April 16, 2010 | By: Tracy

Procrastinating ... or Gun Shy?

Thanks to all who played along & had fun with the questions yesterday! If I ever have a cocktail party I'm inviting all of you to help keep things interesting. For those who mentioned, I'm totally cool with anyone wanting to use the idea for your blogs. I like answering questions!

** Sidenote: Quil, if you're reading this, you really DO need to get one of these fandangled blog things. All the cool kids are doing it these days!**

Okay so back on track here, Tracy. See, I even wind up procrastinating in my post about procrastination.

I've always known that procrastination (or dawdling as my grandmother would have put it) is one of my biggest obstacles in life. I consider myself a Type A personality with slacker tendencies. If I can't do something perfectly, I'd almost rather not do it at all. When I'm excited about something I get all Rain Man. I can spend hours writing or watching baseball (or a Deadliest Catch marathon -- seriously, that show is addictive), and I'm golden. Ask me to spend ten minutes looking over benefits insurance and I start to hyperventilate.

Here's where I'm stuck: I know I need to start querying again -- let's face it, agents aren't going to come knocking on my front door asking if I have a story they could take a look at. I need to jump back in with both feet. Problem is, I'm still hesitating for some reason.

Now I'm thinking -- "Maybe I need to do one more quick revision of the first chapter", "Perhaps I should revamp the ending completely", "Maybe the phrasing in my synopsis is a little clunky and I should take another look at it."

These are all viable questions, except yesterday I wasn't worried about any of those things!! Today - my self imposed deadline to start querying again - the questions are flying at me from every angle.

Can I tell you a little secret?  I know it sounds crazy, because at this point it's totally putting the cart in front of the horse. But I just realized, I've spent so much time focused on learning how to snag an agent, that I don't know anywhere near as much about what comes after. So at this point, I'm almost as intimidated at the idea of being accepted, as I am about being rejected.

I think I need to see a shrink! ;o)

Anyway, Happy Friday All!!! (Except for those of you where it isn't Friday anymore...in which case I bid you a happy Saturday)

8 witty remarks:

Matthew MacNish said...

Why do today what you can put off until tomorrow?

Today's guest blogger is Rachel Alpine!

Jessica Bell said...

LOL tracy you make me laugh :) I was like that, but then eventually I just did it, and now I'm constantly on the edge of my seat waiting for answers.
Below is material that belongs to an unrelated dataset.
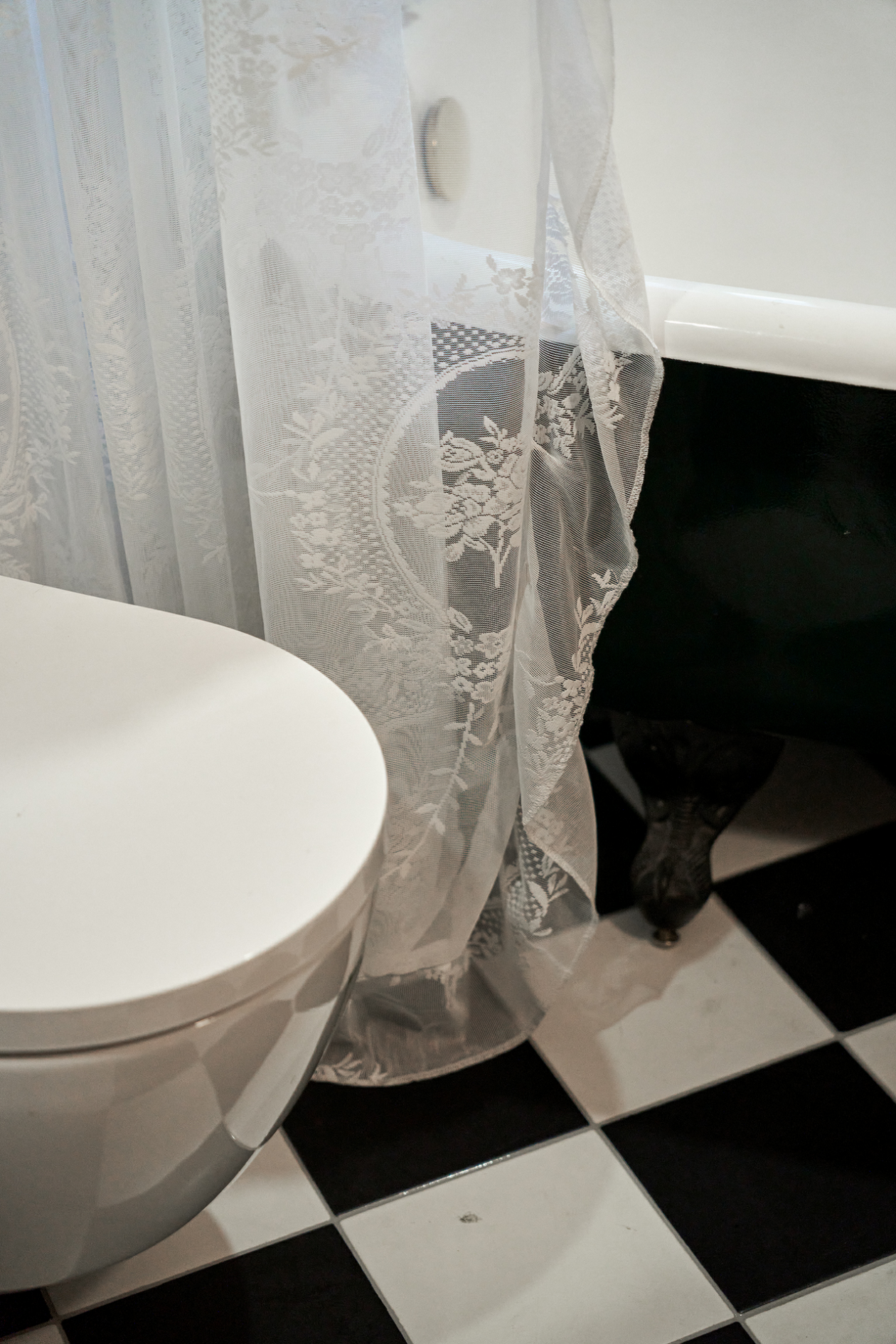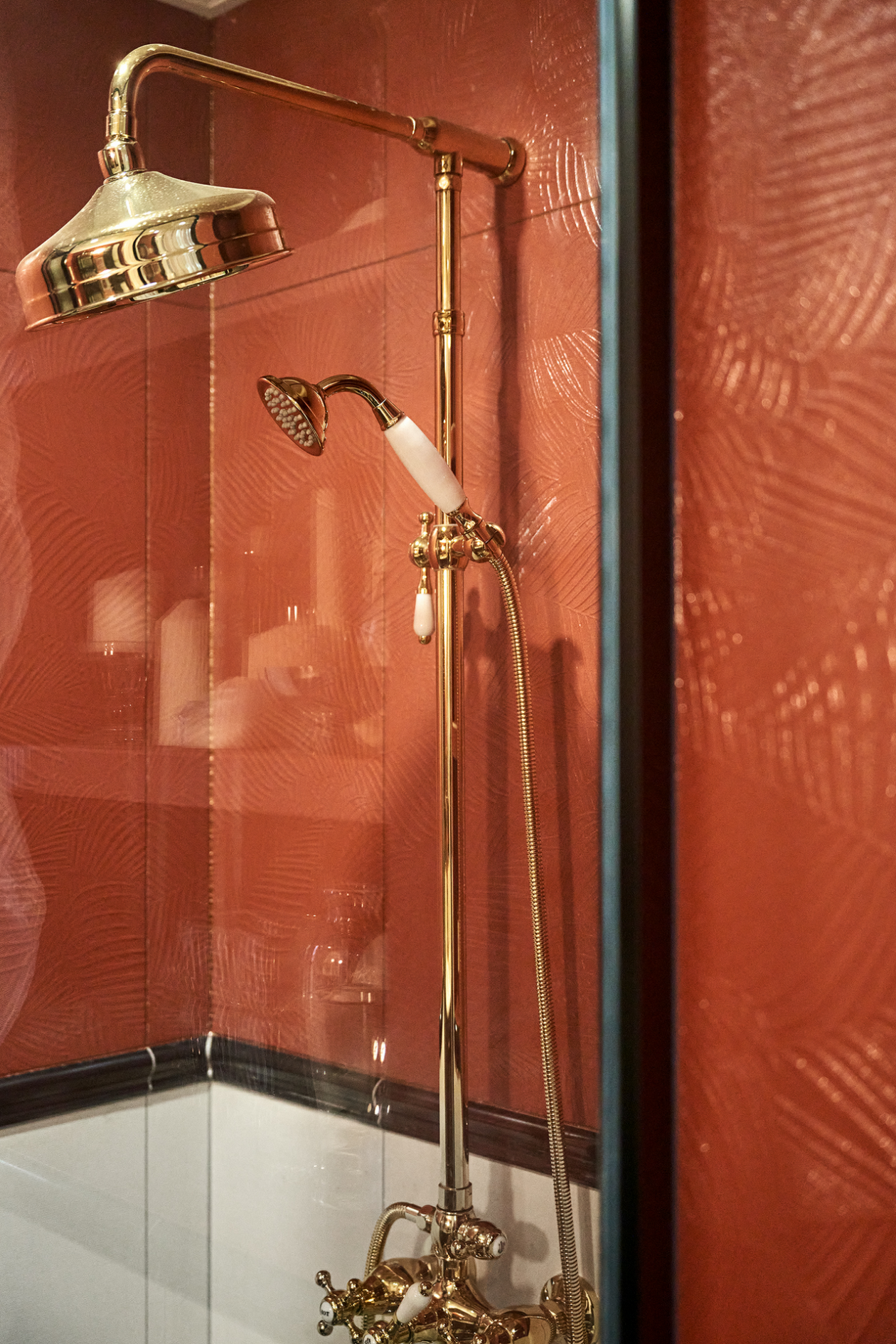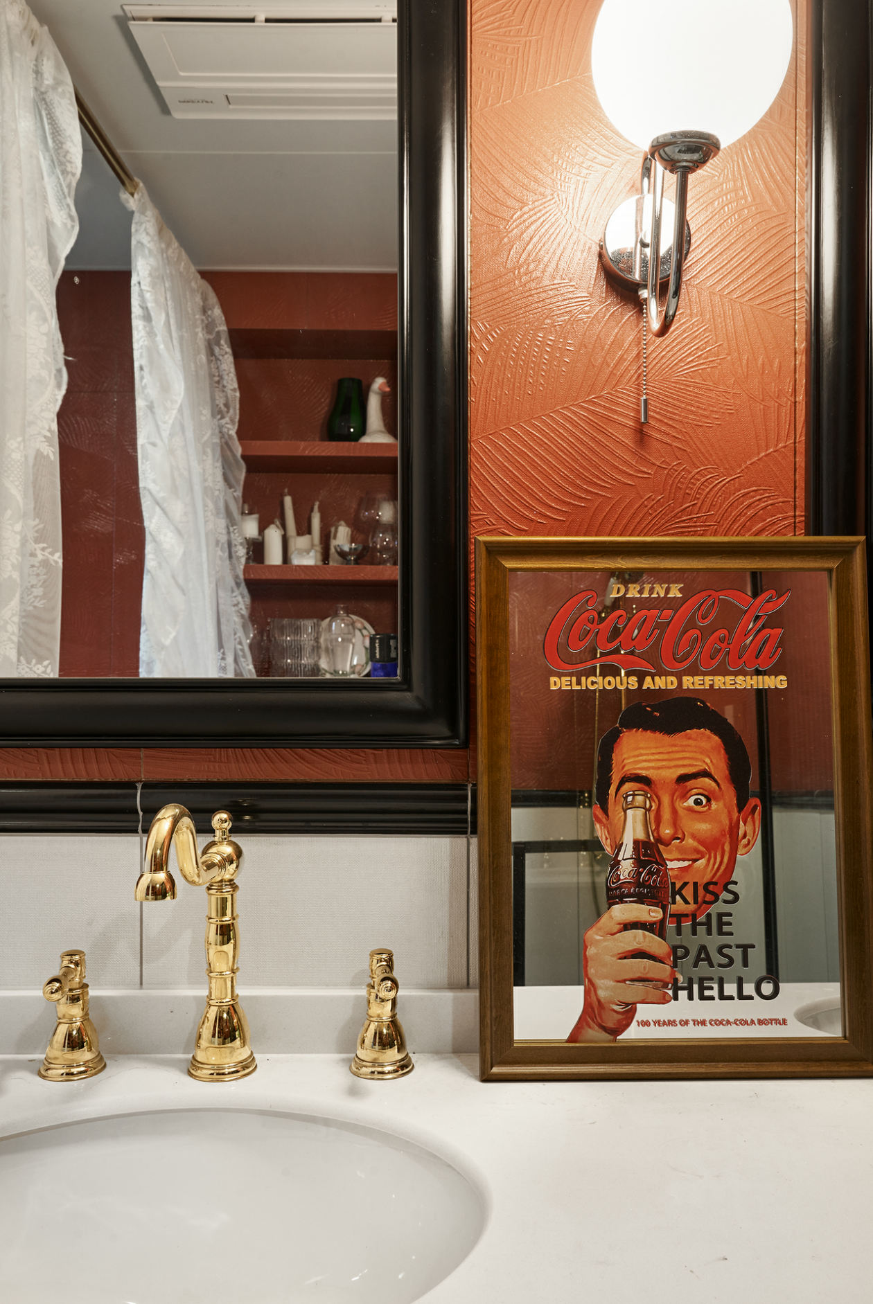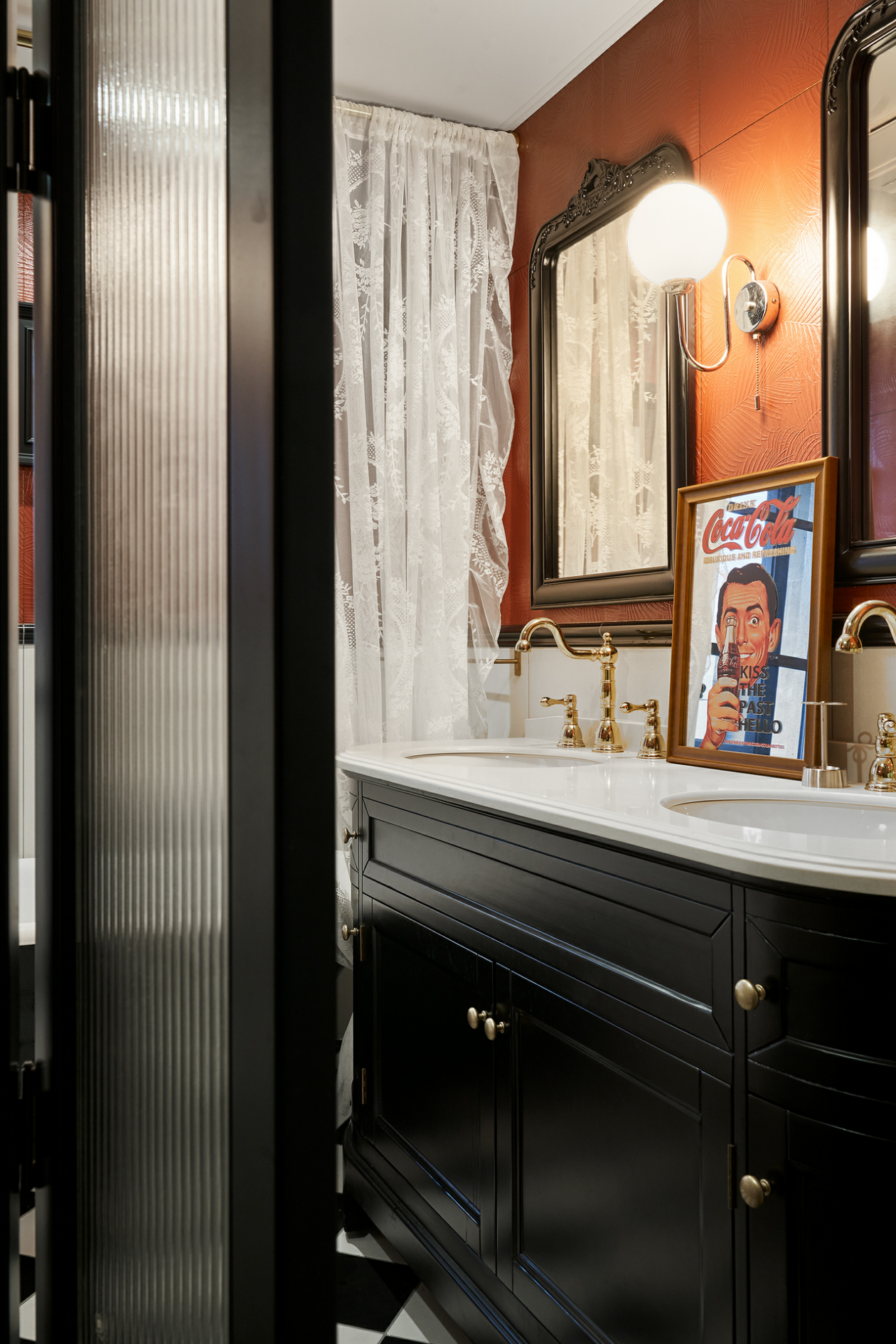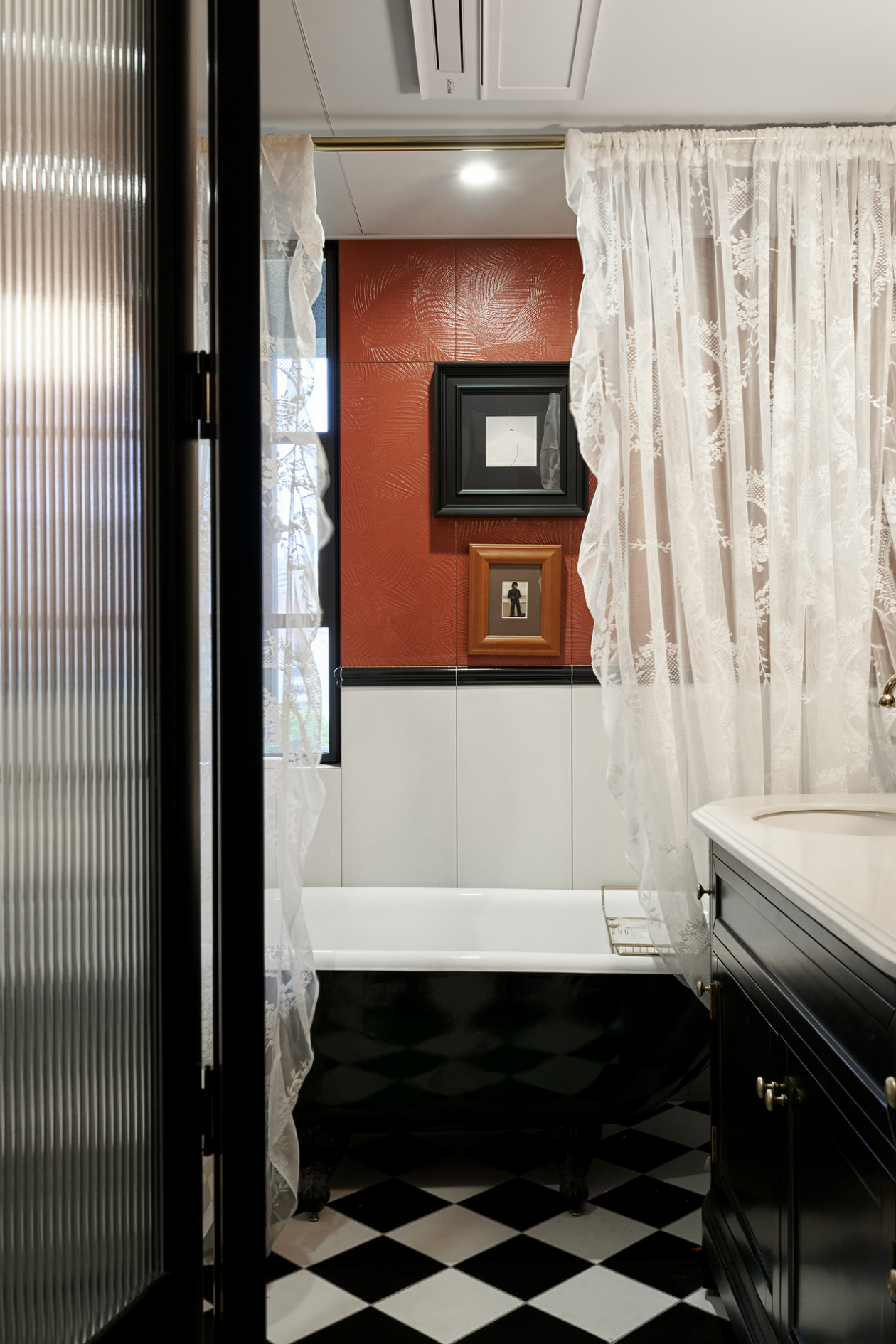 经典黑白菱格做底色,活泼的暗橘色背景肌理、复古黄铜质感与暖色系灯光让卫浴空间不再单调。

If you want someone to have another look at your submission package (i.e. query, synopsis and first chapter) I'd love to. I don't know if mine is perfect, but I've had one full request and one partial from it so far ... Perhaps you might like my opinion? Let me know.

Lindsay Smith said...

OCD and perfectionism--such a deadly combination! I definitely suffer for it too. I completely shirk off the things I know I won't do perfectly--or else panic about them to no use.

And don't worry about what comes after you land an agent! Let your agent worry about that. ;) You will almost certainly be asked for endless revisions, of course, but at least the suggestions will be coming from wonderful and brilliant people who are financially invested in making your book the best it can be.

Good luck!

JE said...

Hahahaha....so now you're scared that someone might say yes? You crack me up!

There's always the fear in the unknown - but you seem like pretty strong person, I think you can handle it.

Send those queries out!

~JD

Terry Towery said...

I'm the same way -- a perfectionist. And an egomaniac with an inferiority complex, I might add. Consequently, I'm my own worst enemy, but I'm rather proud of it! ;)

And I hate querying. Just HATE it. Perhaps that's why I'm just sitting here with my thumb up my butt, doing nothing?

Go for it, Tracy. I need to see SOMEONE succeed, you know?

Shelley Sly said...

Haha... I can so relate to this (and it looks like other bloggers can too. Is it a writer thing?) I've been working hard on my writing for years, but then when it finally comes down to the query process -- which I've done before and will be doing again in a few months -- suddenly I feel like saying, "Just kidding, I never meant to do this." Putting yourself out there is so scary. But I've been doing more research and becoming more familiarized with the industry, and that's been helping ease my anxiety. Good luck!

Elana Johnson said...

Procrastination...it's my biggest enemy too! And I know what you mean about not knowing what comes after the query. That is a hard thing, because it's so different for every person. But it's thrilling and you can learn as you go, so send those queries out!!

ModernDayDrifter said...

It depends on what it is with me and procrastination. I have horrible ADD attacks where I can't focus on anything. If it really interests me, I can spend all day doing it. If I hate it, don't even ask. It's bad.